Li Dafang
Abandoned factories and sad machinery; fantasy, reality and ambiguity
Abandoned factories and sad machinery; fantasy, reality and ambiguity
Li Dafang is as cognisant of and dedicated to the medium of oil painting as he is to the scenery of northern China. Li was born and grew up in Liaoning, one of the three major provinces in the northeast of China, where the high altitude and long, harsh winters have created a rough, grey landscape. Liaoning was established as a major centre of heavy industry in the 1950s to produce the country’s first steel, machine tools, locomotives and planes following the founding of the People’s Republic of China in 1949. The switch to a market economy in the late 1970s, however, drove most of the area’s large-scale, state-owned manufacturers to bankruptcy. As a result, many factories and workshops were abandoned and became dilapidated, stacked with sad, silent machinery: a sight well-known to the artist, who was born in 1971, and a visual motif to which he would continue to return in later years.
The son of a writer, Li had ample access to books at home, which led him to develop a fixation with the illustrations they frequently contained and to study painting in his teens with private tutors.
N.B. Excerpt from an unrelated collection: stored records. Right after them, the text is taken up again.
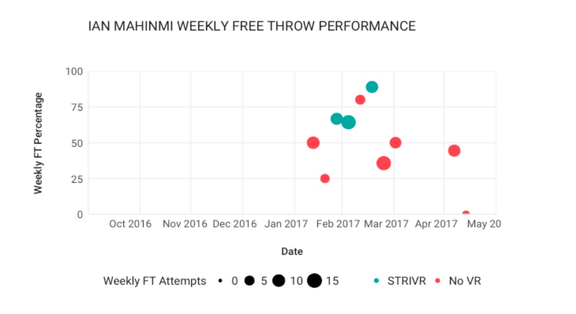 Dans un rapport publié sur son site Internet, STRIVR explique ainsi que le Français, longtemps blessé, a utilisé leur dispositif pendant 3 semaines. Durant cette période, son adresse aux lancers-francs était en moyenne de 73%. Le reste du temps, sans l’aide du casque, son pourcentage était retombé à 42%. Même si le fabricant reconnaît que l’échantillon est faible, le diagramme ci-dessous parle de lui-même.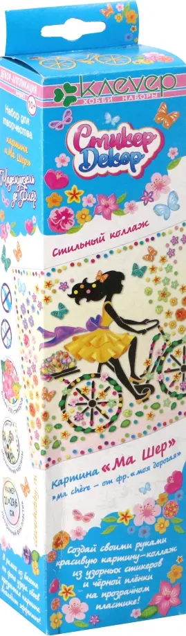 Комплектация: детали из цветной самоклейки, схема, прозрачный пластик, инструкция на упаковке. Картина "Ма Шер" серии "Мадемуазель де Флёр" с необычным и полным шарма нежным персонажем увлечет не только подростков старше 10 лет, но и взрослых. Создание картины с озорной девушкой на прогулочном велосипеде в окружении ярких цветов будет не сложна в исполнении: на прозрачный пластик по шаблону или по вкусу наклеиваются детали силуэта девушки на велосипеде, разнообразные цветочные стикеры из плёнки и самоклейки. Легкость работы и прекрасный результат доставят радость и удовольствие!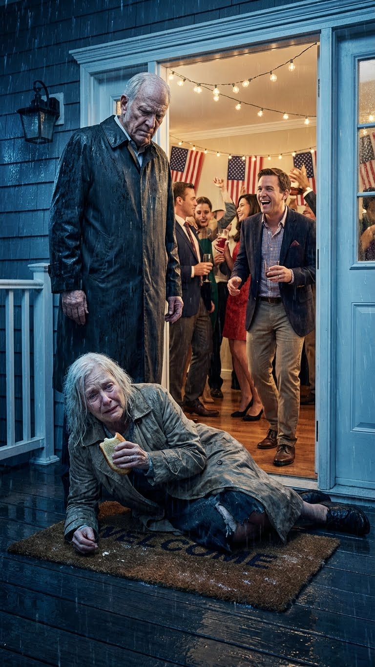 Ik kwam onverwachts thuis en trof mijn vrouw slapend op de deurmat aan, in de ijskoude regen, gekleed in vodden. Mijn schoonzoon veegde zijn modderige designer schoenen af aan haar mouw en lachte, terwijl hij zijn rijke gasten vertelde dat ze gewoon de gekke huishoudster was die graag buiten sliep als een hond. Ik schreeuwde niet. Ik stapte uit de schaduw en het gelach verstomde onmiddellijk, want hij droeg de schoenen van 1200 dollar die ik voor hem had gekocht.
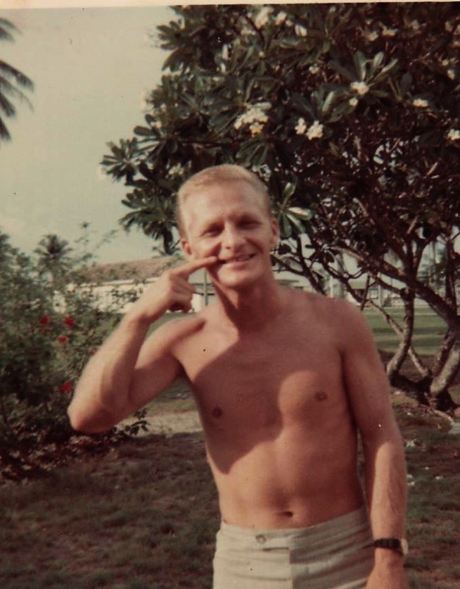 When Jim got back from Singapore he walked inside the house and I said something is different with you, but I could not put a finger on what was different, as it was so long since I had seen him. Finally, when I kissed him, I noticed his hairy lip. Apparently they had a bet - who could grow the longest and best moustache. Jim did not win! Jim's was thick, but you could not see it, as it was white because he had very blonde hair. So I had to take a photo of him pointing to his top lip to prove he had a moustache.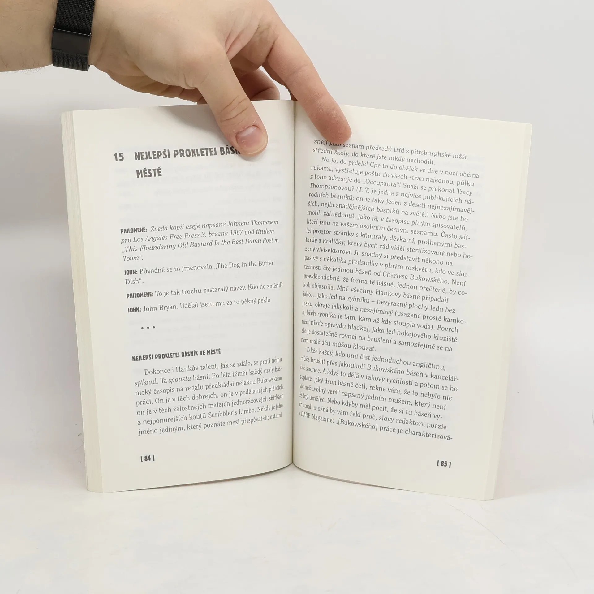 Rozhovor Philomene Longové s Johnem Thomasem, který byl po určitý čas intimním přítelem Charlese Bukowského (1965–1971). Tato útlá, leč velmi výstižná kniha čerpá z jejich vzájemných návštěv a rozhovorů, jednotlivých postřehů, nálad a životních postojů. Je ovšem nejen výpovědí o jedné výjimečné partnerské dvojici, ale i svědectvím o době, která je i dnes v popředí zájmu široké veřejnosti.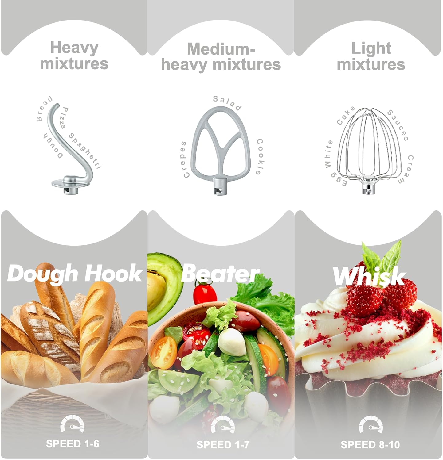 - Upgraded Accessories and Dishwasher Safe- Aluminium dough hook and flat beater with protection layer,stainless steel whisk are all easy to attach,more sturdy and durable. All of the attachments for the food mixer are dishwasher-safe for quick and easy cleaning.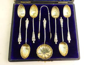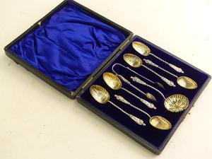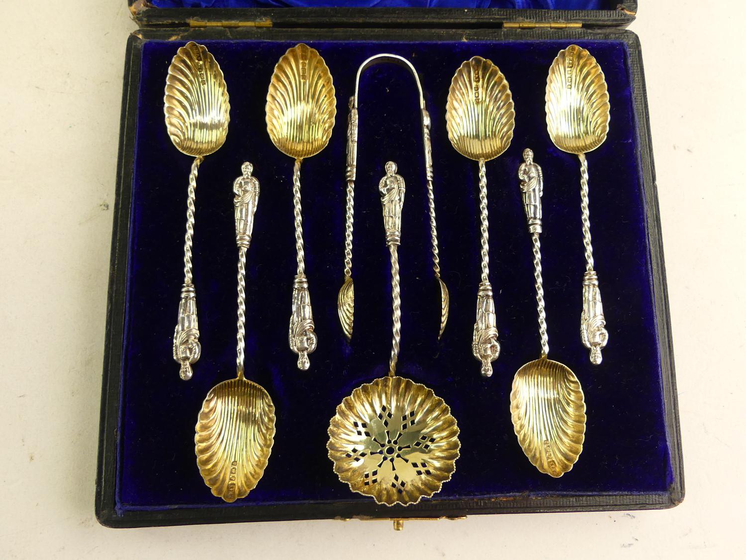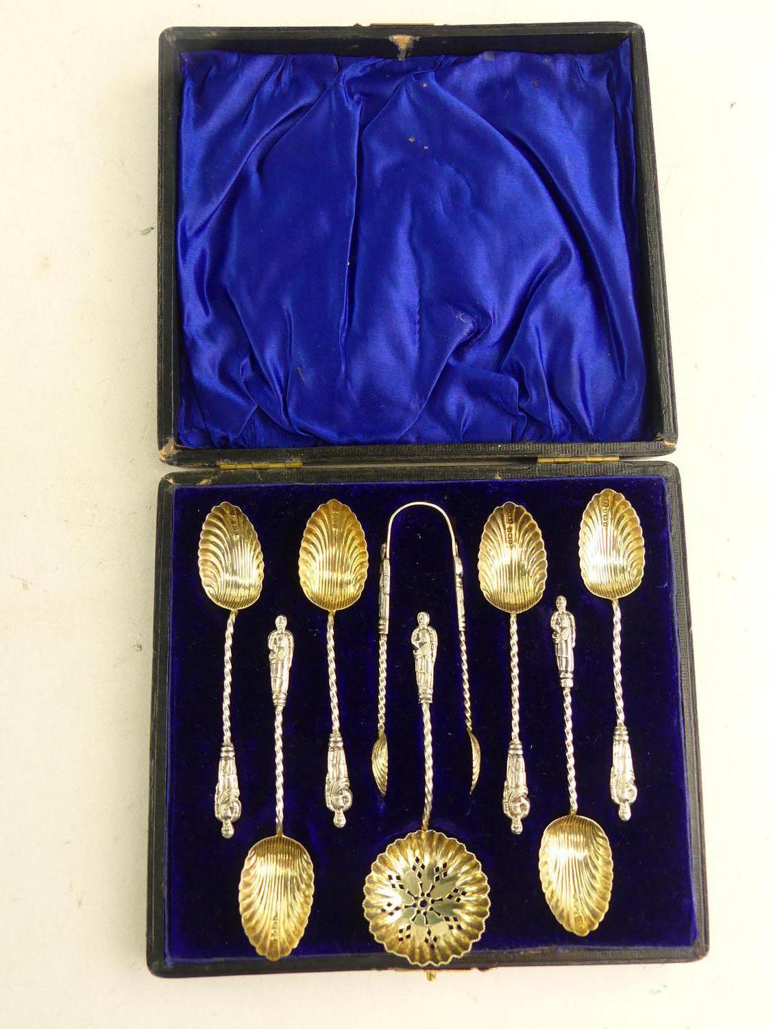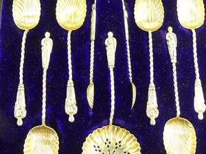 edwardian cased sterling silver "apostle" teaspoon set, henry hobson & sons, birmingham 1903, 58 grams

However, he studied fine art at a regular state university, where the focus was on improving all-round ability, rather than providing any systematic academic training in oil painting. Today Li considers this background as liberating for his practice, since he doesn’t feel as bound by the formalities of painting as those who come from the more traditional schools of the art academies, which tend to prioritize technique over content and concept.
Obsessive, sensitive and fastidious depictions of details – unkempt and overgrown grass, cluttered wires, mosaics on the façades of buildings – are a distinctive feature of Li’s enormous canvases. Since 2004, however, his work has taken a significant step forward. In his earlier paintings, from the late 1990s, he juxtaposed narrative scenes with texts, written prominently across the centre of the canvas or on one half of it, which bore no apparent relation to the painted images. The often dramatic and intense scenarios he depicted – for example, two self-portraits of the artist engaged in an intense dialogue, depicted on a paper bag, in turn carried by a man dressed in black (Paper Bag, 2001) – are probably excerpts from real life yet remain indecipherable to the viewer. The deliberate gap Li placed between these almost cryptic paintings and reality seemed to be too wide to bridge. Fortunately, in his current works, the artist has confidently and successfully made the stride himself. The changes are remarkable and their results are breathtaking.
Li’s vast canvases offer panoramas of the most filthy, ruined, forgotten wastelands and non-places; those commonly found on the outskirts and in the hidden corners of the city: demolition and construction sites, rubbish dumps, woods, abandoned factories and deserted housing blocks. In Threaten (2007), a man sits on top of a towering, square concrete column; his shoulders drooped, he looks down on a beast – it looks a bit like a lion but not quite – prowling about an unkempt yard in front of an abandoned building. An Evil Man in Armour (2006) features a man with feathered wings squatting on a large pile of rubble between two buildings that are under construction; two blotches of black smoke ominously cloud the lower corners of the canvas. These calculated displacements conspire to underscore the ambiguity of what is real, although the setting itself appears to be bizarre enough on its own.
Even the most trivial elements are painted with such precision that the works appear to be genuinely photorealist; in fact, the scenery, objects and tiny human figures in his paintings are collages of impressions formed from personal experiences as much as from fabrication. Here realism is less a world-view than a conscious choice of form and the subject of his artistic exploration. Li has made a determined and strategic break from the traditions of Revolutionary Realism and Socialist Realism, which dominated mainstream Chinese painting for decades, and with which he grew up. While still appropriating a realist painting style – Li takes pains to incorporate all manner of visual motifs from the world around him, especially from his native northern China – the artist freely projects his own fantasies onto his lifelike portraits of reality.
The scenes depicted in his paintings are always overcast and bleak (with occasional traces of abrupt purple or red emphasizing disproportionately small objects or figures) as though obscured by a delicate layer of mist. This grey tone and ambience creates a distinctive aesthetic that doesn’t aspire to make the environments appear any less desolate or uninviting than they actually are. Indeed, it is precisely this drab quality that draws the painter to these undesirable sites (and anyone who has been to northern China can testify to their existence): painting such places – as much as Li’s monumental and surreal treatment is awe-inspiring – counteracts our popular fixation on the upbeat, the refined and the attractive in the pursuit of better living conditions; a perspective that, all too often, we wish to see reflected in art.